Terug naar de docent, die loopt achter toetsen aan die centraal geregeld worden. Hoe zelfstandig is dat?Misschien is zelfstandig het verkeerde woord. Waar ik op doel, is dat docenten de deur dicht doen en zich vervolgens alleen maar bekommeren om hun eigen vak. Als je onderwijs wilt innoveren... Betekenisvolle problemen kun je alleen oplossen door disciplines bij elkaar te brengen.

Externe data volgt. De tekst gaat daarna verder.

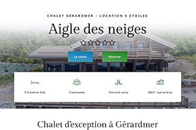 Site vitrine d'un chalet 5 étoiles pouvant accueillir jusqu'à 12 personnes avec 5 chambres à louer à Gérardmer, créé avec WordPress.

Stel die vakdocent eens gerust dat hij niet inboet aan vakinhoud bij –  laat ik ‘t maar noemen – projectonderwijs: komt hij door zijn Franse woordjes heen?
Bottomline is dit: als wij willen dat onze kinderen in een internationale context kunnen samenwerken met mensen in andere talen, dan moeten we ons onderwijs daarop inrichten. Dat bereik je niet door ze uit een boek woordjes te laten leren. Docenten Frans zijn hard nodig om kennis van Franse vocabulaire en grammatica beschikbaar te stellen aan kinderen op het moment dat ze dat nodig hebben om aan realistische opdrachten te werken. Je moet dus projecten zo definiëren dat alle docenten daarin hun ei kwijt kunnen, maar ik sluit niet uit dat ze soms een stapje terug moeten. Ik sprak laatst een docent autotechniek die volhield dat al zijn lessen noodzakelijk waren. Zijn collega zei toen: ‘Maar in ons boek zit een hoofdstuk over de carburateur, doe jij dat ook?’ Ja, daar besteedde hij een les aan. Waarop die collega zegt: ‘Maar er komt al sinds 2000 geen auto meer van de band met een carburateur.’ Er valt echt een hoop dood hout uit de curricula te halen. En dat is alleen maar winst.

Jeroen van Merriënboer is interim-voorzitter van de programmaraad voor onderwijsonderzoek (PROO) en onderzoeksdirecteur van de School of Health Proffesion Education aan de Universiteit van Maastricht

Dit artikel verscheen in Didactief, november 2012.